The correlation between V stage and other factors were analyzed in Table 1. Both in training and validation set, V stage was found to be significantly associated with tumor location (P < 0.001), macroscopic type (P < 0.001), differentiation degree (P < 0.001), tumor diameter (P < 0.001), T stage (P < 0.001), N stage (P < 0.001), vessel invasion (P < 0.001), neural invasion (P < 0.001) and TNM stage (P < 0.001). Compared with the small tumor volume-patients, patients with larger tumor volume were found more frequently in Borrmann type III or IV, having a higher proportion in poor differentiation, in advanced T stage and N stage, in positive vessel and neural invasion and in advanced TNM stage.

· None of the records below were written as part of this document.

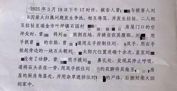 起诉书显示,曾某某左手控制被害人双手,右手捡起石头砸向被害人太阳穴位置,连砸十余次。案发时的一个细节,让毛女士深感气愤:“曾某某在把我妈妈杀害掉后,还在搬走我妈妈的柴火……”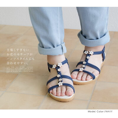 サンダル レディース リゾート かわいい 花 歩きやすい バックストラップ ビジュー ウェッジヒール ウエッジサンダル おしゃれ 脱げない 走れる ローヒール キッズ 女の子 ジュニア プール ビーチ 海 編込み ラインストーン ブラック 黒 ネイビー ベージュ 2274 送料無料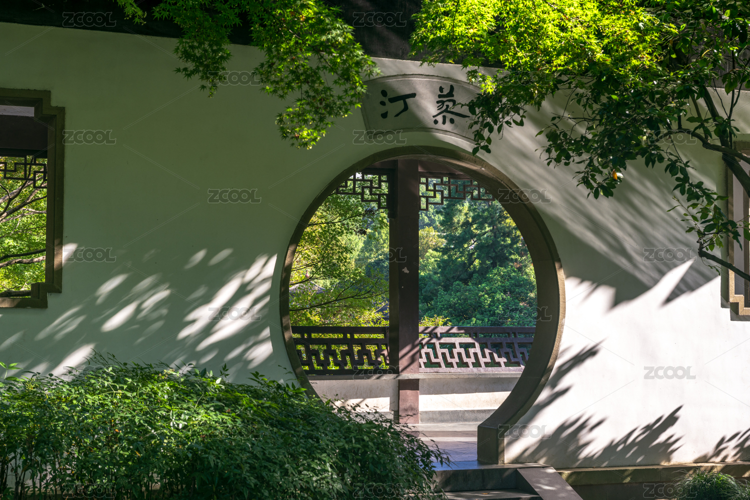 幽静,复古,园林,雕花,镂空,木门,绿植物,古代建筑,庭院,户外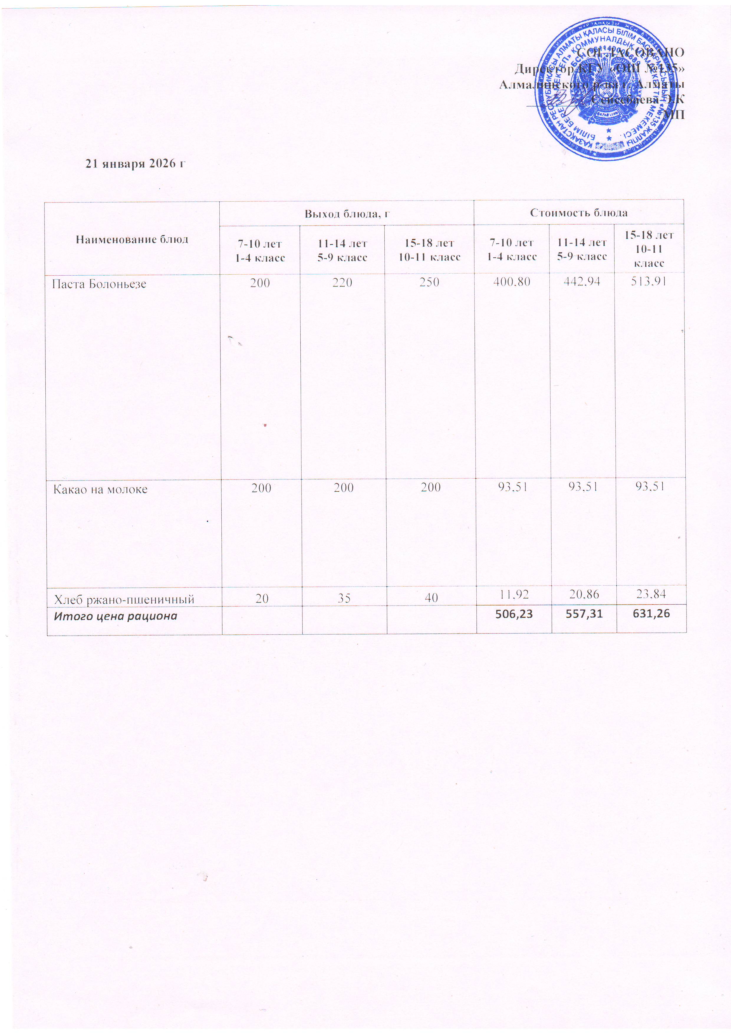 Ас мәзірі 21.01.2026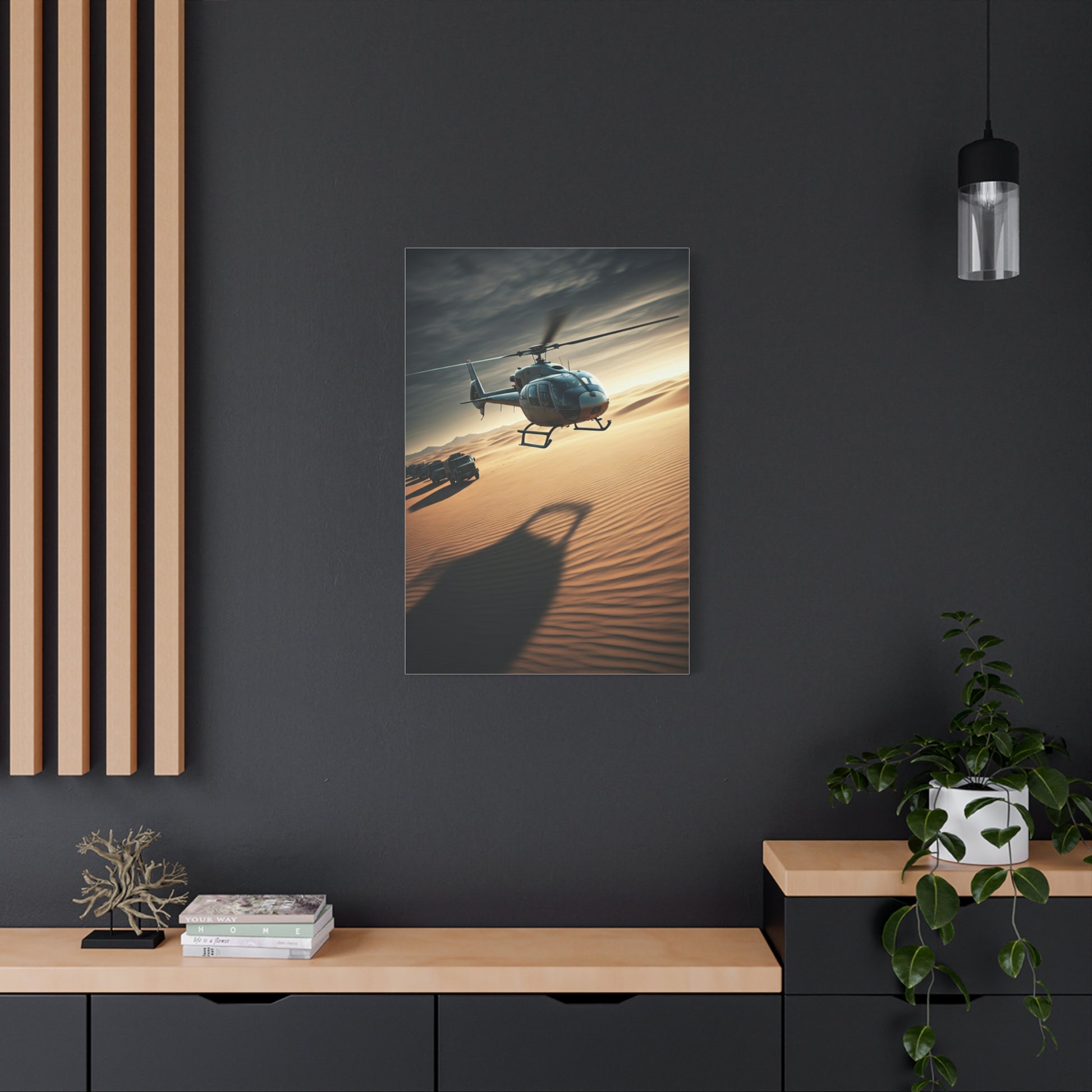This dynamic aviation scene captures a helicopter flying low over golden desert dunes, accompanied by vehicles below, evoking the intensity of exploration and mission-driven adventure. The sweeping motion, dramatic shadows, and cinematic landscape create a bold and powerful composition, ideal for modern interiors, masculine spaces, or anyone drawn to action, travel, and the spirit of discovery.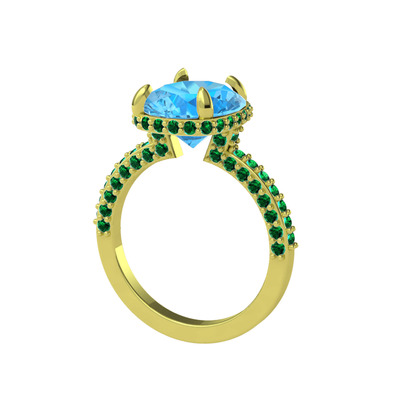 Akuamarin ve yeşil kuvars 18 ayar altın yüzük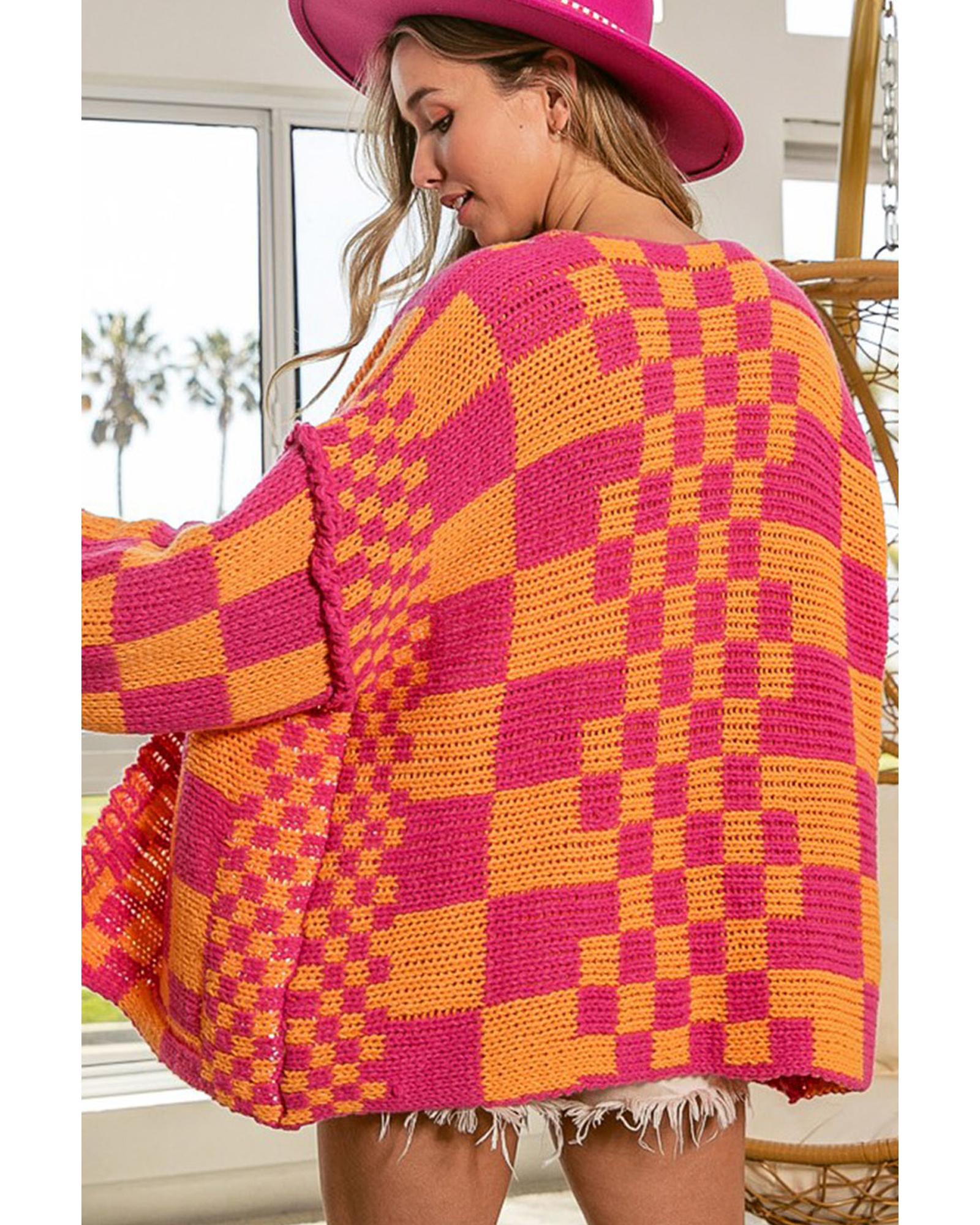 Azura Exchange Multicolor Open Front Mixed Checkered Pattern Knit Cardigan – XL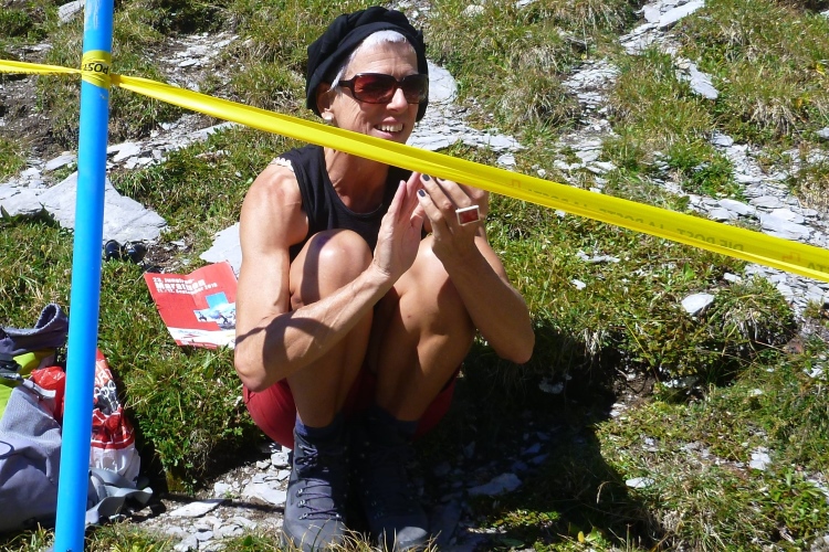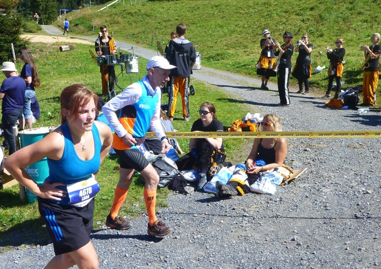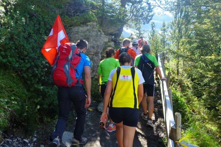 Vor uns eine lange Kette aus farbigen Punkten, die sich den Berg hinauf zieht. Wir müssen erst mal ein paar Höhenmeter mit Volldampf nach unten zur Wixi-Bergstation. Dank entsprechender Beschneiung in den Wintermonaten erfreut sich dieser Südhang bei den Skifahrern besonderer Beliebtheit. Wir können hier noch einmal auftanken. Die kommenden 1,3 Kilometer geht es über einen Bergweg erst im Wald über Wurzeln stetig hinauf. Leider für meinen Geschmack etwas zu langsam. Irgendwie haben die Glückshormone und die Aussicht aufs nahe Ziel viel Energie freigesetzt. Bald habe ich zu Judith aufgeschlossen. Nett die vielen gelben Fähnchen der Schweizer Post, die den Weg markieren.

Prognostic value of V stage in gastric cancer

Prognostic predictors were identified by univariate and multivariate analysis in training set (Table 2). Age (P = 0.025), tumor location (P = 0.004), macroscopic type (P < 0.001), differentiation degree (P < 0.001), tumor diameter (P < 0.001), T stage (P < 0.001), N stage (P < 0.001), V stage (P < 0.001), vessel invasion (P < 0.001) and neural invasion (P < 0.001) were risk factors for prognosis of gastric cancer. Multivariate analysis (Table 2) showed that age (P = 0.016), macroscopic type (P = 0.001), N stage (P < 0.001) and V stage (P < 0.001) were independent prognostic factors for gastric cancer.

Table 2. Univariate and multivariate analysis of overall survival in training set.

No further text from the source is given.